Where are the values that are less than four?

What are the values greater than 7

### Statistics on Filtered Data


**Exercises**: Using the following dataset, have Python to calculate the answers to the questions below:

In [None]:
data = np.array([3, 1, -6, 8, 20, 2, 7, 1, 9, 7, 7, -7])
data

*Example*: How many values are greater than 4?  

In [None]:
len(data[data > 4])

How many values are equal to 7?

What is the mean value of the positive numbers?

What is the mean value of the negative numbers?

What is the median value of the values that are greater than 5?

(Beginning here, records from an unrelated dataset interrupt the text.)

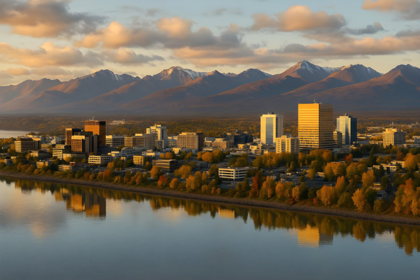 анкоридж аляска осенний осень сша город городской пейзаж вид на город с высоты на закате вечеромПохожие фото
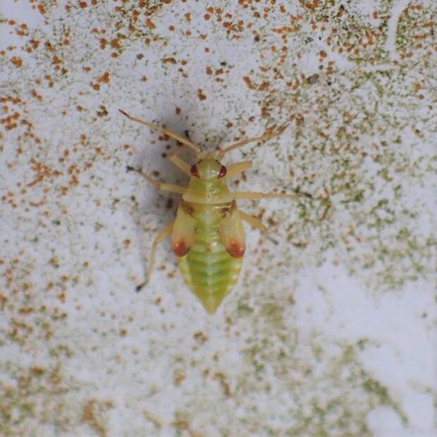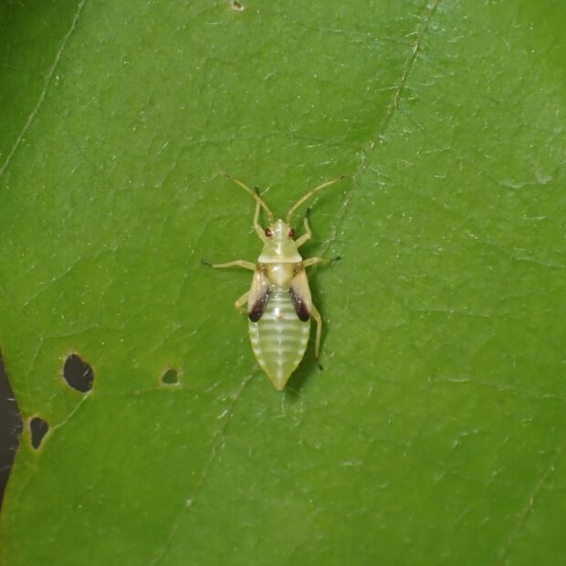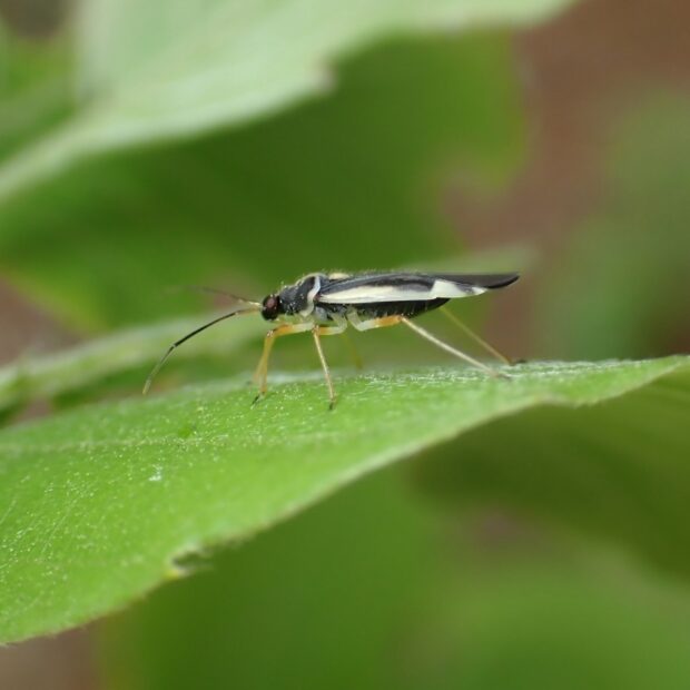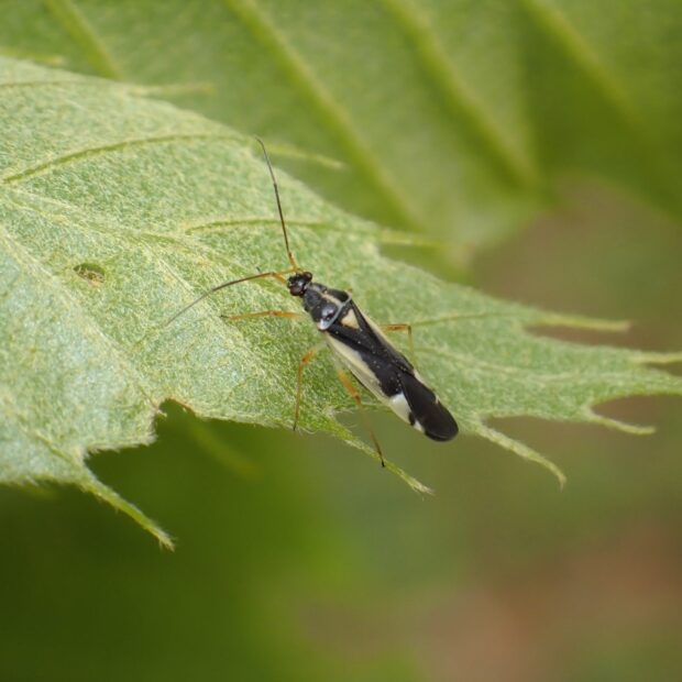 黒色で細長く、 黄色い模様がある毛深いカスミカメムシ。 カスミカメムシは小さなカメムシの仲間で、 単眼がないのが特徴です。 春、 コナラやクヌギなどの葉で見ることができます。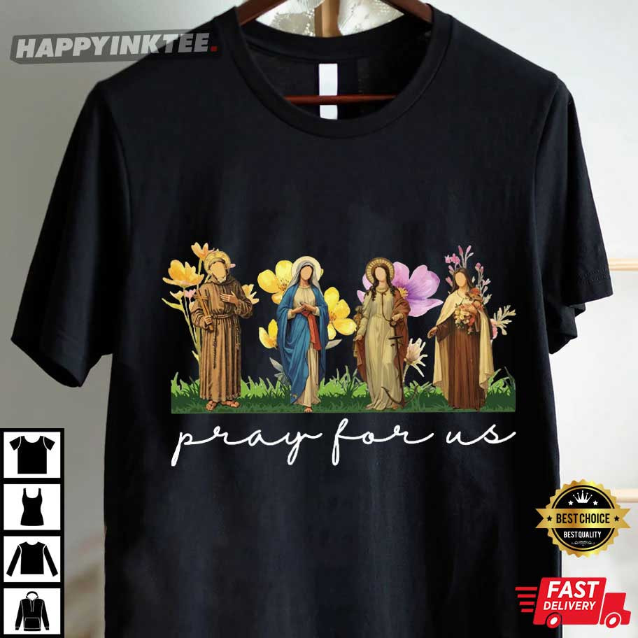 Catholic Saints Pray For Us Floral Women Religious T-Shirt – t shirt printing, custom tee shirts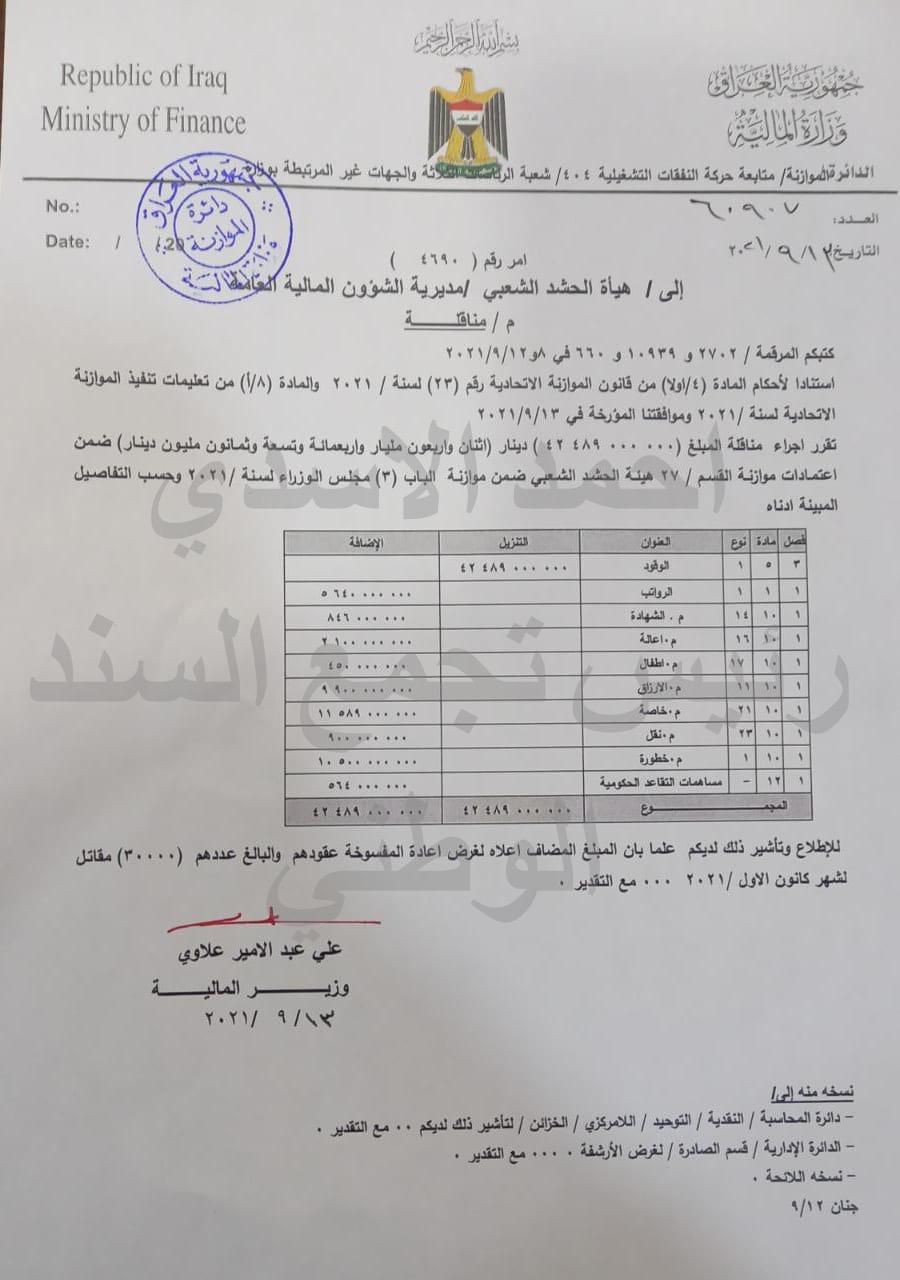وقال التحالف في بيان مقتضب، إنه "تم اصدار كتاب من وزارة المالية يقضي بارجاع المفسوخة عقودهم في هيئة الحشد الشعبي بما يقدر اكثر من ثلاثين الف مقاتل".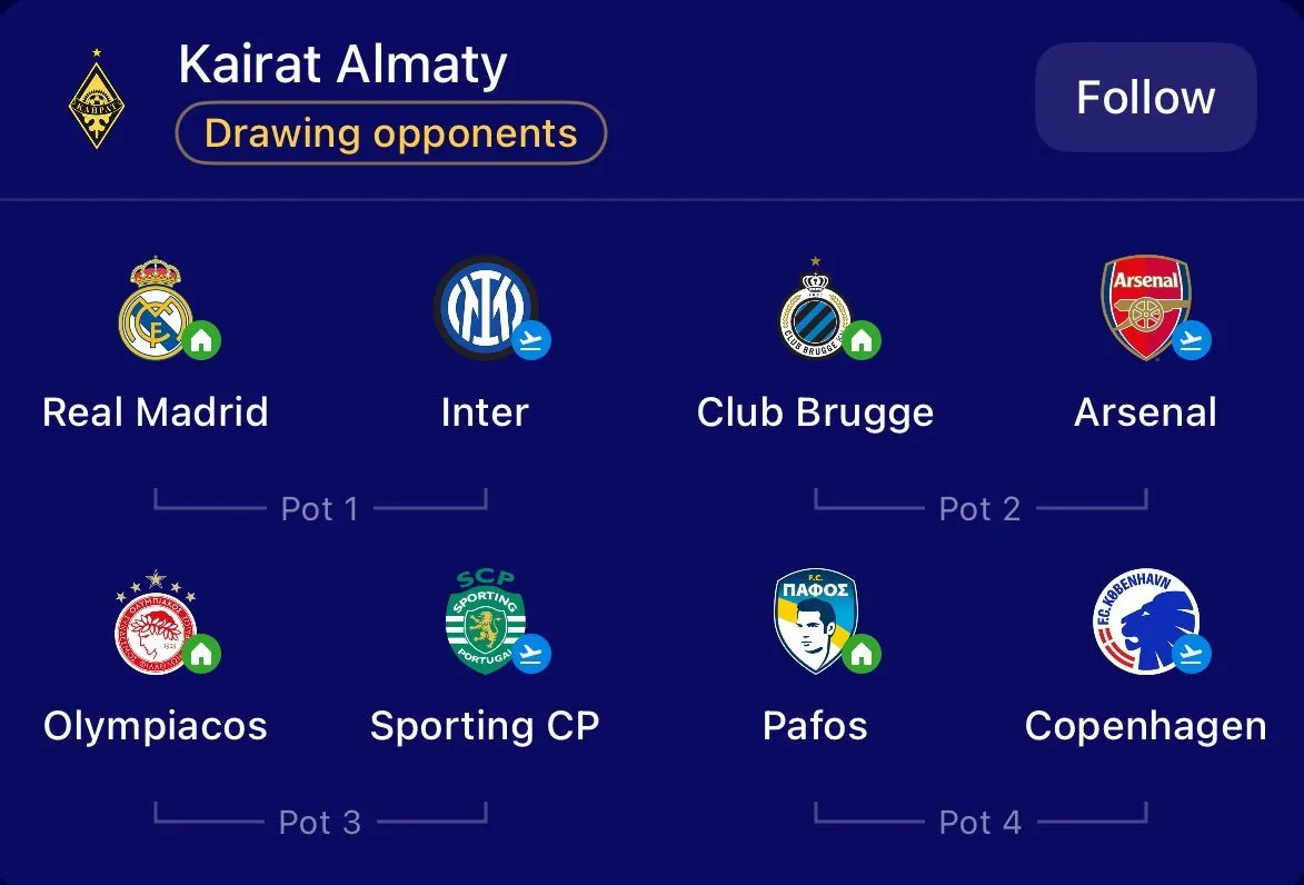 Como cada año, se llevó a cabo el sorteo de la UEFA Champions League y como comienza a hacerse costumbre, los equipo debutantes se llevaron los reflectores, uno de ellos el Kairat Almaty, equipo de la liga de la Liga premier de Kazajistán que sorprendió al mundo al derrotar en la etapa preliminar al Celtic, para meterse a su primer torneo de Europa.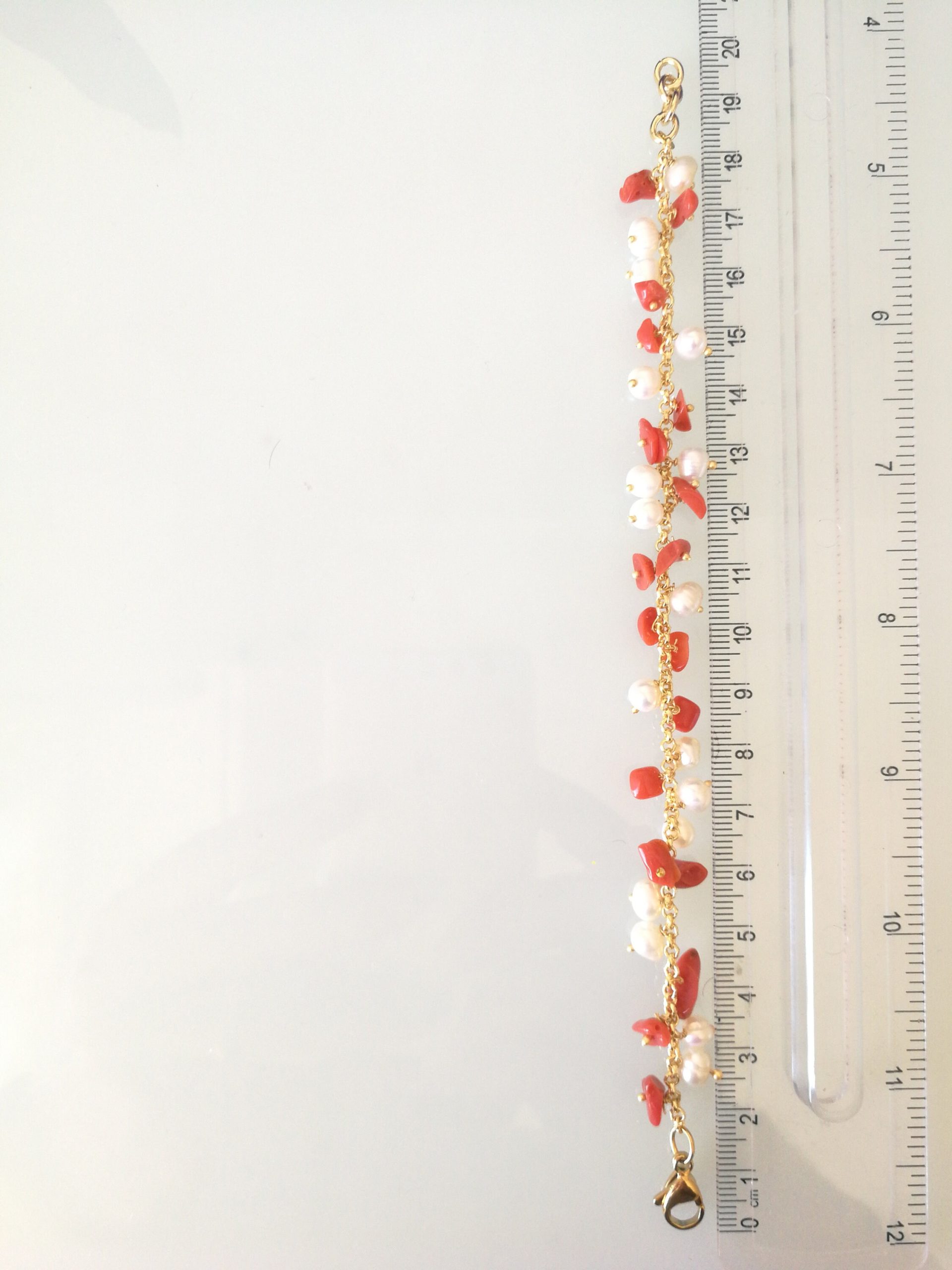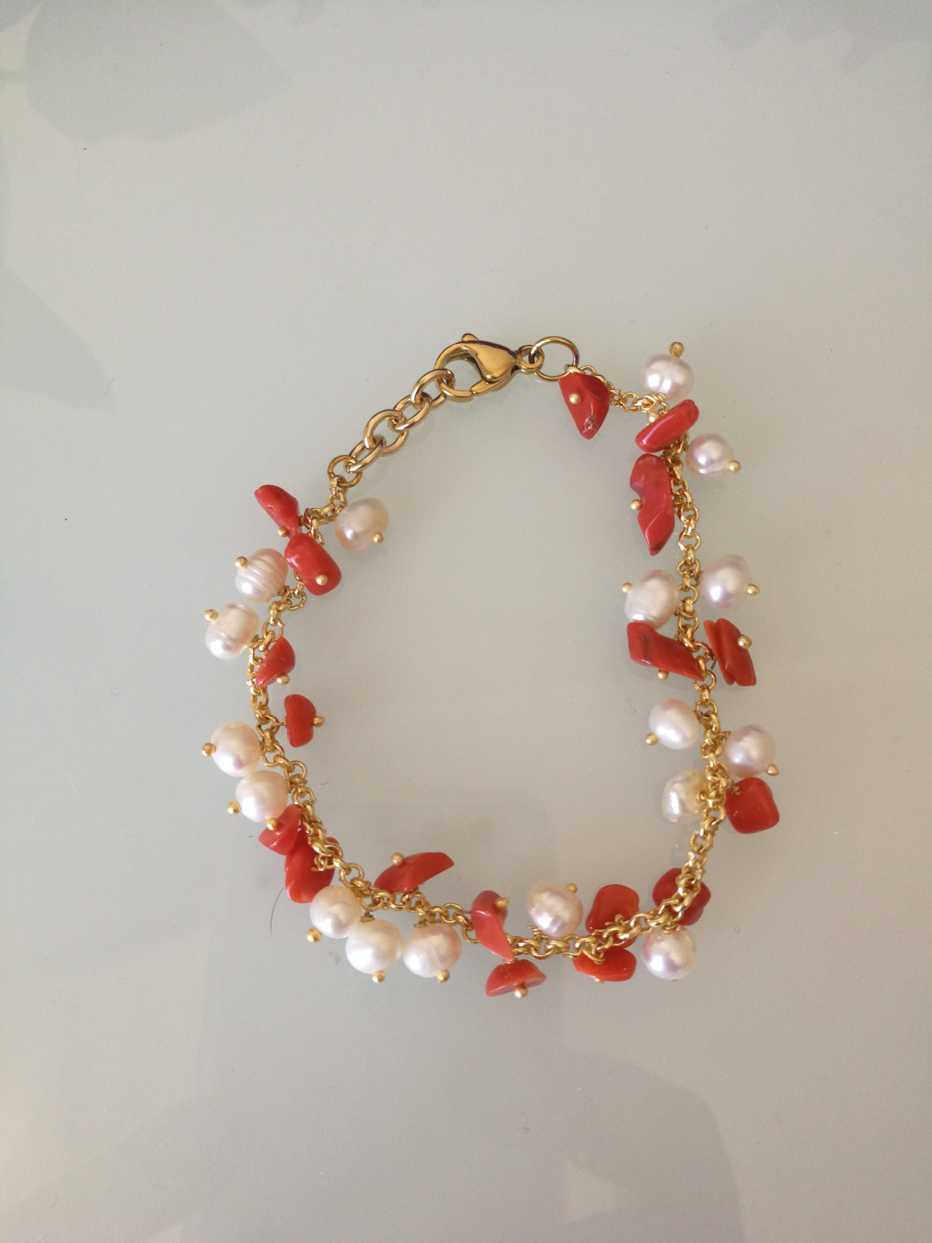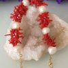 Bracciale perle naturali barocche bianche e corallo rosso naturale del mediterraneo.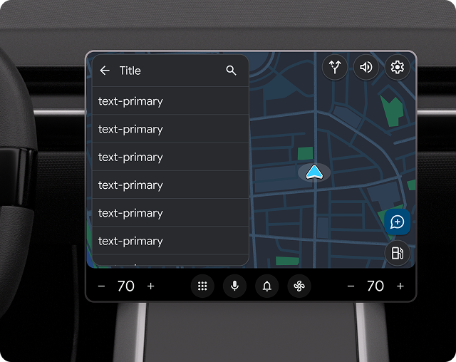 Jumlah teks sekunder yang diizinkan di setiap baris daftar bervariasi, bergantung pada apakah mobil diparkir atau sedang berjalan. Untuk meminimalkan gangguan, teks dipotong menjadi 2 baris saat mengemudi. Teks apa pun yang dimaksudkan untuk dibaca saat mengemudi harus ditampilkan di awal teks sekunder.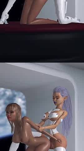 Sci-Fi room. Young girl gets fucked hard by a hot female android dickgirl in the space station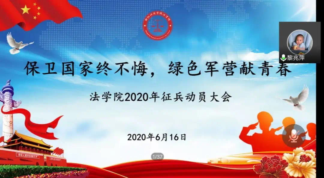 6月16日下午,yl8cc永利官网依托腾讯会议平台召开了2020年上学期征兵动员大会。大会由辅导员黎兆萍主持,党总支副书记谢琳、辅导员钟佩玲出席此次大会,2017-2019级非转段班男生95人听取。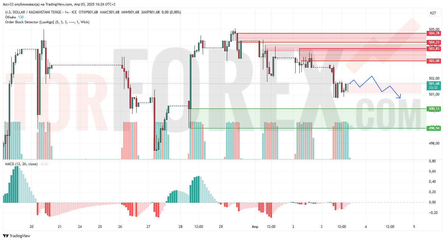 На часовом графике валютная пара USD/KZT демонстрирует признаки локальной слабости после неоднократных неудачных попыток пробоя зоны сопротивления 503,00–504,20. Цена закрепляется ниже этой области и продолжает колебаться в узком диапазоне, намекая на возможное снижение.

## Modifying Data Using Logical Indexing

Just like in normal indexing operations with arrays, logical indexing can be used to *set* new values ,in addition to *getting* new values from an array:

| Example | Description |
| :-- | :-- |
| **`data[data > 5] = 10`** | Set all values greater than 5 to 10  |
| **`data[data > 5] = data[data > 5] * 10`** | Set the values greater than 5 to themselves times 10  |
| **`data[data > 5] *= 10`** | Multiply all the values greater than 5 by 10, setting them in-place.  |
| **`data2 = data.copy()`** | Copy an array to a new variable |

Example: Set all positive values in `data` to 100

In [None]:
data = np.arange(-4, 5)
data

In [None]:
data[data > 0] = 100
data

Set all negative values in `data` to 0

In [None]:
data = np.array([ 1, -2,  2, -1,  1,  4, -3,  1,  2, -1])
data

Add 100 to all values in `data` less than 100.

In [None]:
data = np.array([0, 101, 2, 3, 104, 105, 6, 107, 8])
data


## Using Logical Indexing to Link Two Different Variables in a Dataset

So long as this process produces a mask of Trues and Falses equal in shape to the array it's being applied to, it works!  An implication of this is that we can use one dataset to index another dataset:

| Syntax | Description |
| :--  | :-- |
| **`data2[data1 > 0]`** | Get the values in `data2` with indices that correspond to the positive values in `data1` |

Get all the "Treatment" group's temperatures

In [None]:
temp = np.array([35, 38, 32, 35, 39, 37, 36, 38, 39])
group = np.array(['Control', 'Treatment', 'Treatment', 'Control', 'Treatment', 'Control', 'Control', 'Treatment', 'Control'])

In [None]:
mask = group == 'Treatment'
temp[mask]

Calculate the mean temperature of the "Control" group

In [None]:
temp = np.array([35, 38, 32, 35, 39, 37, 36, 38, 39])
group = np.array(['Control', 'Treatment', 'Treatment', 'Control', 'Treatment', 'Control', 'Control', 'Treatment', 'Control'])

What is the minimum temperature in control group?

What is the minimum temperature in treatment group?